Records from a collection:
---*---
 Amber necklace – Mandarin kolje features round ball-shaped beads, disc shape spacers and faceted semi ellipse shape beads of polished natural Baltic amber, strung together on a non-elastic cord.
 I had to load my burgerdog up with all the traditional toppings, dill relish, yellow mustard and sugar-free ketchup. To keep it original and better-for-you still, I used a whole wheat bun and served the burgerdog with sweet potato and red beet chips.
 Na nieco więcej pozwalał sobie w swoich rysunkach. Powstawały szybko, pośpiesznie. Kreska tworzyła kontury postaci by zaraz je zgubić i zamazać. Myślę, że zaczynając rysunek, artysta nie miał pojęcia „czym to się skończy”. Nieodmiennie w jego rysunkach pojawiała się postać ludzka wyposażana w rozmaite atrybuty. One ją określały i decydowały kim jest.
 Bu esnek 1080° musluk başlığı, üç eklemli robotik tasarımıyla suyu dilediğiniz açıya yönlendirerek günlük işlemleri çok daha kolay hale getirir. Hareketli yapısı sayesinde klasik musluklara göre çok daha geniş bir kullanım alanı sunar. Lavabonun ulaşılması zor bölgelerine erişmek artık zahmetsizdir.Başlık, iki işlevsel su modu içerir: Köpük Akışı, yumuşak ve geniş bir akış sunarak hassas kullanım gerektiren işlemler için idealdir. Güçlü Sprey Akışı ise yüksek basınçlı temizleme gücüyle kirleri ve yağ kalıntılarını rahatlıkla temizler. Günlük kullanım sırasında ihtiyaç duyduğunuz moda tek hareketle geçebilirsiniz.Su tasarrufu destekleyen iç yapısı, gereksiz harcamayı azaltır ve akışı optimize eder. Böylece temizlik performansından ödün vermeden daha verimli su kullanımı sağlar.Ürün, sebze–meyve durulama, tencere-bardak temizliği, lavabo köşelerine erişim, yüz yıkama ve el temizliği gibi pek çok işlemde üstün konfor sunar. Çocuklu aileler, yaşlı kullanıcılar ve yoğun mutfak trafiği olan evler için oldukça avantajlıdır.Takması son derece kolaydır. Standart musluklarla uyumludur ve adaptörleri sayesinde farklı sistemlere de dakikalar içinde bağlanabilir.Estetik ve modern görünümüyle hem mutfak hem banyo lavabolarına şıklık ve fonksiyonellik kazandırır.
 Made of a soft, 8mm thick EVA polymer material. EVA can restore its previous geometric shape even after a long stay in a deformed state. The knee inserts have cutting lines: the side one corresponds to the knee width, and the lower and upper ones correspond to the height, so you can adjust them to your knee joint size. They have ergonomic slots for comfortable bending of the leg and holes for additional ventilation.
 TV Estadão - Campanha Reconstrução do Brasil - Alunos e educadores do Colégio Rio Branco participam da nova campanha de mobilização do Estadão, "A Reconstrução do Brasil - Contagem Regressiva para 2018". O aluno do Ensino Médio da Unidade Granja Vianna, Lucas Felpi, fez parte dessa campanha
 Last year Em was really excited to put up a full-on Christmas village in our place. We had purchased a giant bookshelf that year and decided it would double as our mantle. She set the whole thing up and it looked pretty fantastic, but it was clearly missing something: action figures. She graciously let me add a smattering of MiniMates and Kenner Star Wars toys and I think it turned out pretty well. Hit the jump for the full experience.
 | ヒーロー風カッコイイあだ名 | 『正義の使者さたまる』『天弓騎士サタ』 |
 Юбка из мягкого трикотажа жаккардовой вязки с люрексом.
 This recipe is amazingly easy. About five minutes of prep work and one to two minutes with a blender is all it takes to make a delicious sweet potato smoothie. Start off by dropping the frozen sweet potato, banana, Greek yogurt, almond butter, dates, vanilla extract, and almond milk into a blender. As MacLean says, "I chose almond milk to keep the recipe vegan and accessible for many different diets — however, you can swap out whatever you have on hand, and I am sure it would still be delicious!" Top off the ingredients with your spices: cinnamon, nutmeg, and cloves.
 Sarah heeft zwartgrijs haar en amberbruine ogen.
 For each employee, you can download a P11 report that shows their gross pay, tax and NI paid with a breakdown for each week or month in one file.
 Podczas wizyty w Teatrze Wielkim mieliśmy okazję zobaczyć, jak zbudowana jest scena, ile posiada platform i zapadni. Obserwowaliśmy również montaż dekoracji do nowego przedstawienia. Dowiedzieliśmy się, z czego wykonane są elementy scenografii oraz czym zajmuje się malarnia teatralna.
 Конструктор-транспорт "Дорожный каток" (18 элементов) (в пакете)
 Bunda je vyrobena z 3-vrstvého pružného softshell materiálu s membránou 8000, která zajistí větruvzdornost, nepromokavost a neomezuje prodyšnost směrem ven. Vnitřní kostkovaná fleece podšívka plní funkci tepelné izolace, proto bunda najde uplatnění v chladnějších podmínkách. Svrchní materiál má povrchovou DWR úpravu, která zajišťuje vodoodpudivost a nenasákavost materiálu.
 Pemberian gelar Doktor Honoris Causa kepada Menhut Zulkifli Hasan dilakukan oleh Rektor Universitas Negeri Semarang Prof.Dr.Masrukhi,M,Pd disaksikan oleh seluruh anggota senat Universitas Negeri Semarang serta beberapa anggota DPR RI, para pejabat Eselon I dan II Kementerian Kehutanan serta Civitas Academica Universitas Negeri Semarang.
---*---
The full set of data above must come back exactly as written.

 Amber necklace – Mandarin kolje features round ball-shaped beads, disc shape spacers and faceted semi ellipse shape beads of polished natural Baltic amber, strung together on a non-elastic cord.
 I had to load my burgerdog up with all the traditional toppings, dill relish, yellow mustard and sugar-free ketchup. To keep it original and better-for-you still, I used a whole wheat bun and served the burgerdog with sweet potato and red beet chips.
 Na nieco więcej pozwalał sobie w swoich rysunkach. Powstawały szybko, pośpiesznie. Kreska tworzyła kontury postaci by zaraz je zgubić i zamazać. Myślę, że zaczynając rysunek, artysta nie miał pojęcia „czym to się skończy”. Nieodmiennie w jego rysunkach pojawiała się postać ludzka wyposażana w rozmaite atrybuty. One ją określały i decydowały kim jest.
 Bu esnek 1080° musluk başlığı, üç eklemli robotik tasarımıyla suyu dilediğiniz açıya yönlendirerek günlük işlemleri çok daha kolay hale getirir. Hareketli yapısı sayesinde klasik musluklara göre çok daha geniş bir kullanım alanı sunar. Lavabonun ulaşılması zor bölgelerine erişmek artık zahmetsizdir.Başlık, iki işlevsel su modu içerir: Köpük Akışı, yumuşak ve geniş bir akış sunarak hassas kullanım gerektiren işlemler için idealdir. Güçlü Sprey Akışı ise yüksek basınçlı temizleme gücüyle kirleri ve yağ kalıntılarını rahatlıkla temizler. Günlük kullanım sırasında ihtiyaç duyduğunuz moda tek hareketle geçebilirsiniz.Su tasarrufu destekleyen iç yapısı, gereksiz harcamayı azaltır ve akışı optimize eder. Böylece temizlik performansından ödün vermeden daha verimli su kullanımı sağlar.Ürün, sebze–meyve durulama, tencere-bardak temizliği, lavabo köşelerine erişim, yüz yıkama ve el temizliği gibi pek çok işlemde üstün konfor sunar. Çocuklu aileler, yaşlı kullanıcılar ve yoğun mutfak trafiği olan evler için oldukça avantajlıdır.Takması son derece kolaydır. Standart musluklarla uyumludur ve adaptörleri sayesinde farklı sistemlere de dakikalar içinde bağlanabilir.Estetik ve modern görünümüyle hem mutfak hem banyo lavabolarına şıklık ve fonksiyonellik kazandırır.
 Made of a soft, 8mm thick EVA polymer material. EVA can restore its previous geometric shape even after a long stay in a deformed state. The knee inserts have cutting lines: the side one corresponds to the knee width, and the lower and upper ones correspond to the height, so you can adjust them to your knee joint size. They have ergonomic slots for comfortable bending of the leg and holes for additional ventilation.
 TV Estadão - Campanha Reconstrução do Brasil - Alunos e educadores do Colégio Rio Branco participam da nova campanha de mobilização do Estadão, "A Reconstrução do Brasil - Contagem Regressiva para 2018". O aluno do Ensino Médio da Unidade Granja Vianna, Lucas Felpi, fez parte dessa campanha
 Last year Em was really excited to put up a full-on Christmas village in our place. We had purchased a giant bookshelf that year and decided it would double as our mantle. She set the whole thing up and it looked pretty fantastic, but it was clearly missing something: action figures. She graciously let me add a smattering of MiniMates and Kenner Star Wars toys and I think it turned out pretty well. Hit the jump for the full experience.
 | ヒーロー風カッコイイあだ名 | 『正義の使者さたまる』『天弓騎士サタ』 |
 Юбка из мягкого трикотажа жаккардовой вязки с люрексом.
 This recipe is amazingly easy. About five minutes of prep work and one to two minutes with a blender is all it takes to make a delicious sweet potato smoothie. Start off by dropping the frozen sweet potato, banana, Greek yogurt, almond butter, dates, vanilla extract, and almond milk into a blender. As MacLean says, "I chose almond milk to keep the recipe vegan and accessible for many different diets — however, you can swap out whatever you have on hand, and I am sure it would still be delicious!" Top off the ingredients with your spices: cinnamon, nutmeg, and cloves.
 Sarah heeft zwartgrijs haar en amberbruine ogen.
 For each employee, you can download a P11 report that shows their gross pay, tax and NI paid with a breakdown for each week or month in one file.
 Podczas wizyty w Teatrze Wielkim mieliśmy okazję zobaczyć, jak zbudowana jest scena, ile posiada platform i zapadni. Obserwowaliśmy również montaż dekoracji do nowego przedstawienia. Dowiedzieliśmy się, z czego wykonane są elementy scenografii oraz czym zajmuje się malarnia teatralna.
 Конструктор-транспорт "Дорожный каток" (18 элементов) (в пакете)
 Bunda je vyrobena z 3-vrstvého pružného softshell materiálu s membránou 8000, která zajistí větruvzdornost, nepromokavost a neomezuje prodyšnost směrem ven. Vnitřní kostkovaná fleece podšívka plní funkci tepelné izolace, proto bunda najde uplatnění v chladnějších podmínkách. Svrchní materiál má povrchovou DWR úpravu, která zajišťuje vodoodpudivost a nenasákavost materiálu.
 Pemberian gelar Doktor Honoris Causa kepada Menhut Zulkifli Hasan dilakukan oleh Rektor Universitas Negeri Semarang Prof.Dr.Masrukhi,M,Pd disaksikan oleh seluruh anggota senat Universitas Negeri Semarang serta beberapa anggota DPR RI, para pejabat Eselon I dan II Kementerian Kehutanan serta Civitas Academica Universitas Negeri Semarang.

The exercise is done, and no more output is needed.